After publishing, LUIS will be able to identify a city as entity and the city name will be made available as @city within the triggered actions. The entity value can be used directly in expressions and LG templates, or stored into a property in memory for later use. Read here for advanced intents and entities definition.

Author .lu files in Composer

You author .lu files as training data for the LUIS recognizer. You need to know:

To create .lu files in Composer, follow these steps:

Set up a Recognizer Type

Select a dialog in the navigation pane and then select Default recognizer from the Recognizer Type drop-down list in the Properties pane on the right side of the Composer screen.

Select recognizer

Create a trigger

In the same dialog you selected the Default recognizer recognizer, select Add in the tool bar and then Add new trigger.

In the pop-up trigger menu, select Intent recognized from the What is the type of this trigger? list. Fill in the What is the name of this trigger (luis) field with an intent name and add example utterances in the Trigger phrases field.
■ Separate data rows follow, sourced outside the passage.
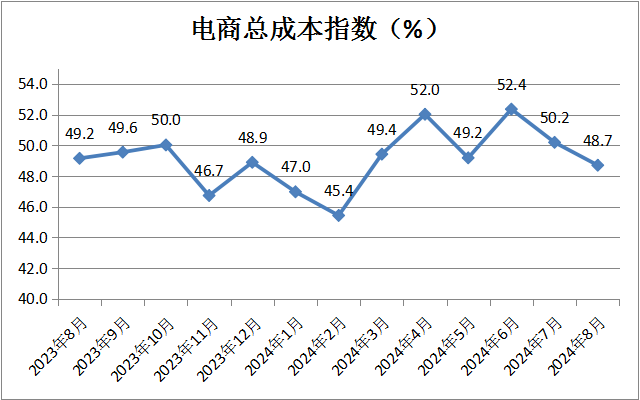 电商总成本反向指数为48.7%,较上月小幅下降1.5个百分点,连续两个月下降,表明电商经营类企业成本持续增加。
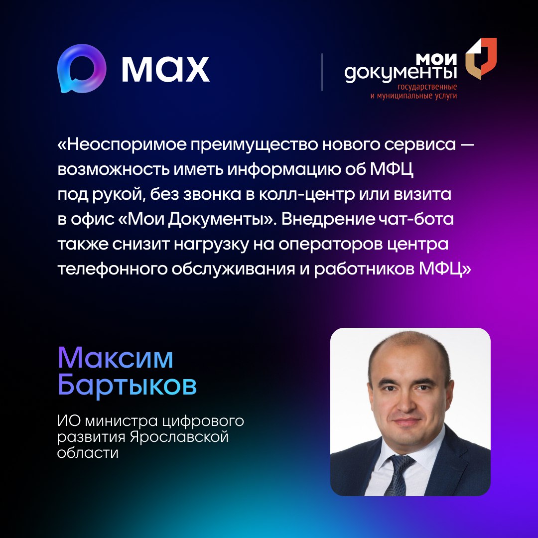 Чтобы открыть чат с ярославским МФЦ, скачивайте приложение MAX и переходите по ссылке max.ru/mfc_yaroslavl_bot.
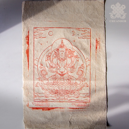 德格印經院版畫使用傳統手工藏紙所印製,此藏紙原料是產於藏地阿須草原上的狼毒草,其植物根莖微毒清熱,所造出的紙存放百年都不怕蟲蛀鼠咬。印製油墨為純天然礦物顏料,紙色溫和,能讓常年在昏暗油燈下閱經的喇嘛們因而清心明目,免受高原易罹患的眼疾之苦。

For example, you can create an Intent recognized trigger in the MyBot dialog with an intent named (weather) and a few examples utterances.

weather intent

After you select Submit you will see an Intent recognized trigger named weather in the navigation pane and the trigger node in the authoring canvas. You can edit the .lu file inline on the right side of the Composer screen.

lu inline editor

Select User Input from the Composer menu to view all the LU templates created. Select a dialog from the navigation pane then toggle Edit Mode to edit the LU templates.

User input

Add action(s) to the Intent recognized trigger

Select + under the Intent recognized trigger and add any action(s) you want your bot to execute when the weather trigger is fired.

Send a response

Publish LU to LUIS

The last step is to publish your .lu files to LUIS.

Select Start Bot on the upper right corner of the Composer. Fill in your LUIS Primary key and select OK.


If you do not have a LUIS account, you can get one on the LUIS. If you have a LUIS account but do not know how to find your LUIS primary key please see the Azure resources for LUIS section of the Authoring and runtime keys article.

Publish LU

Any time you select Start Bot (or Restart Bot), Composer will evaluate if your LU content has changed. If so Composer will automatically make the required updates to your LUIS applications then train and publish them. If you go to your LUIS app website, you will find the newly published LU model.